**Assignment**
Beneath this line sits some data. Return only its lines from the one holding "Los ritmos urbanos" through the one holding "I started my", inclusive, exactly, with the images removed.

**Exercise input**
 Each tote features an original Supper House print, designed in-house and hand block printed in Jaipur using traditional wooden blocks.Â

* * *

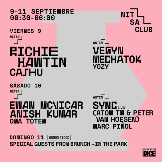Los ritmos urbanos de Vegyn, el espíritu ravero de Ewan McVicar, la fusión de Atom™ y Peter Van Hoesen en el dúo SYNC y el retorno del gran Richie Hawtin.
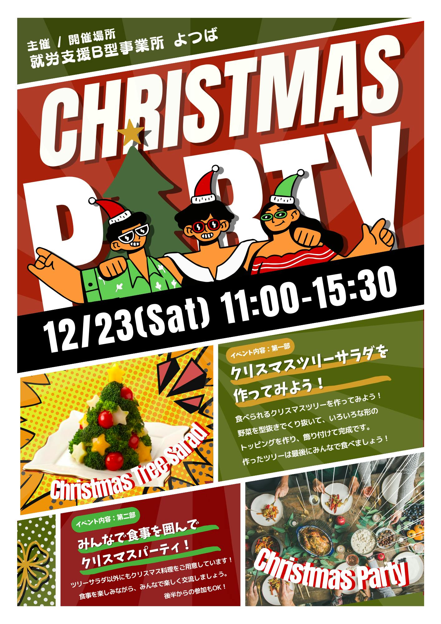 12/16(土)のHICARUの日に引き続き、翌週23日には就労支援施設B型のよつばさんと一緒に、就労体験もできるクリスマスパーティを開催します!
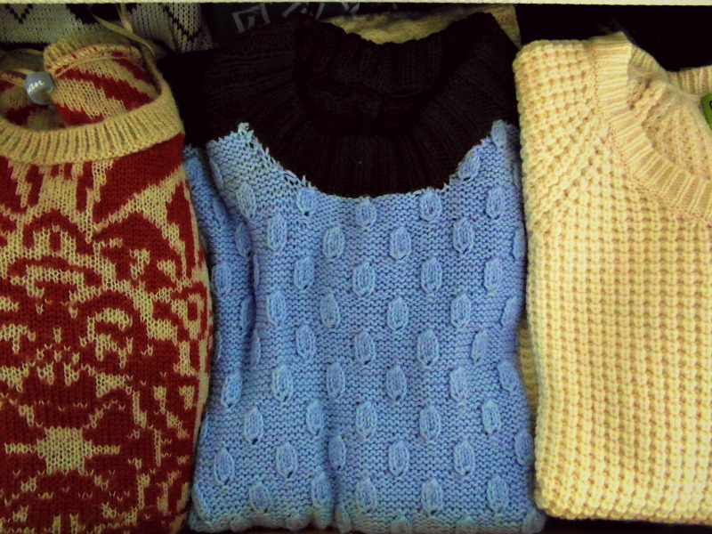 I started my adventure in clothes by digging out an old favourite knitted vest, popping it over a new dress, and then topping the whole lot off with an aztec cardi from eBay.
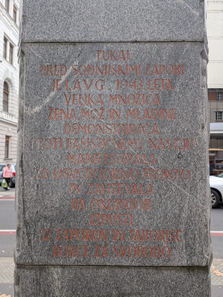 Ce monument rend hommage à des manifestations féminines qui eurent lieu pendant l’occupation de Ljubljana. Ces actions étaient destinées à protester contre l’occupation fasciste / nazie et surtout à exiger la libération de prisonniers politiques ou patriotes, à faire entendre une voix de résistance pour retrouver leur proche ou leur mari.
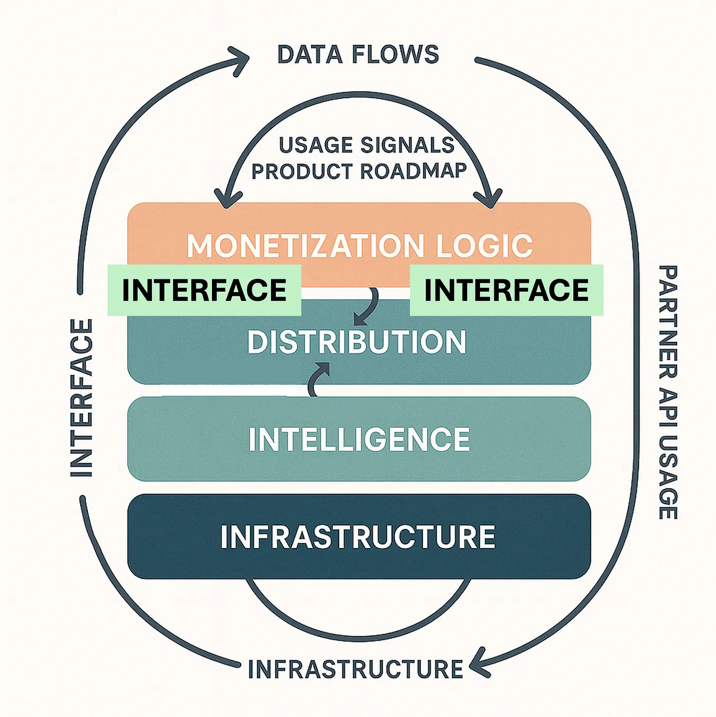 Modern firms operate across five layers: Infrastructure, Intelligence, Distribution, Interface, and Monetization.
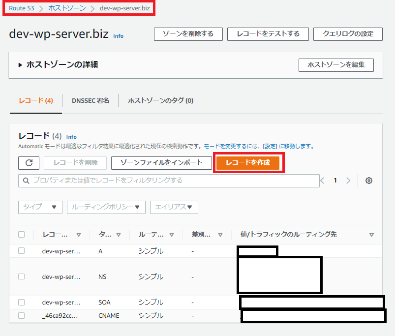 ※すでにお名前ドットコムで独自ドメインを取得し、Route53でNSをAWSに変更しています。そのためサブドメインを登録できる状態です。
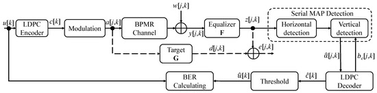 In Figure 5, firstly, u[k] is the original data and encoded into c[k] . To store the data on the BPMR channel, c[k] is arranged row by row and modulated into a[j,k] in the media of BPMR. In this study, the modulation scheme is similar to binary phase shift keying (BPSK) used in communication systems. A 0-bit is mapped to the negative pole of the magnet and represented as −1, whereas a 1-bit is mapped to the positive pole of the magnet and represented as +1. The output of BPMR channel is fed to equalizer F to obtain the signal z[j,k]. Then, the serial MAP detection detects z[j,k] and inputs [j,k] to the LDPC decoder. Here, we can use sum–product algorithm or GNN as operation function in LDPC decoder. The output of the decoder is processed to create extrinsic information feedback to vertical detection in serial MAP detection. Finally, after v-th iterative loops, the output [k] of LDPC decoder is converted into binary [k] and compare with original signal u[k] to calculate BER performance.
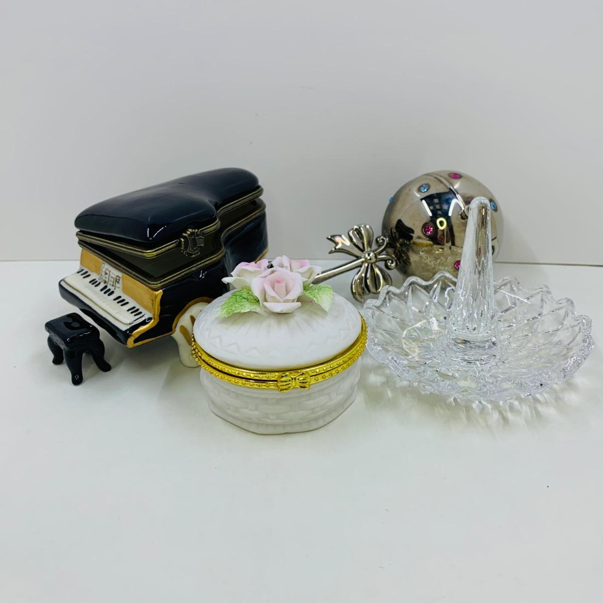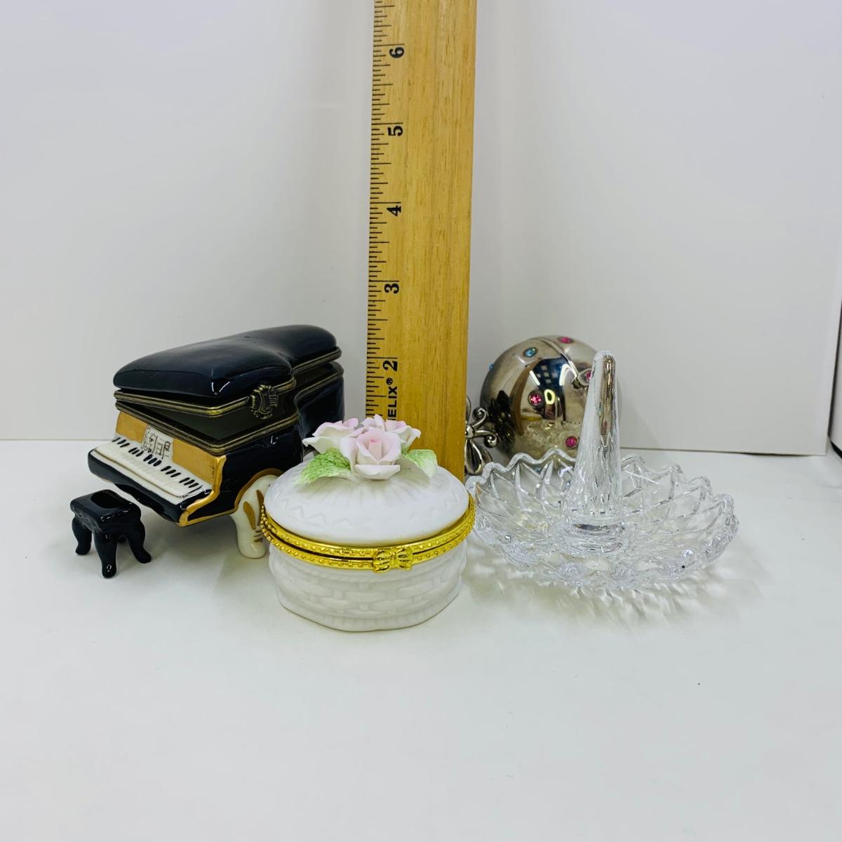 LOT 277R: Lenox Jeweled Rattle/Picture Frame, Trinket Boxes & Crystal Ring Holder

**Output below**
Los ritmos urbanos de Vegyn, el espíritu ravero de Ewan McVicar, la fusión de Atom™ y Peter Van Hoesen en el dúo SYNC y el retorno del gran Richie Hawtin.
 12/16(土)のHICARUの日に引き続き、翌週23日には就労支援施設B型のよつばさんと一緒に、就労体験もできるクリスマスパーティを開催します!
 I started my adventure in clothes by digging out an old favourite knitted vest, popping it over a new dress, and then topping the whole lot off with an aztec cardi from eBay.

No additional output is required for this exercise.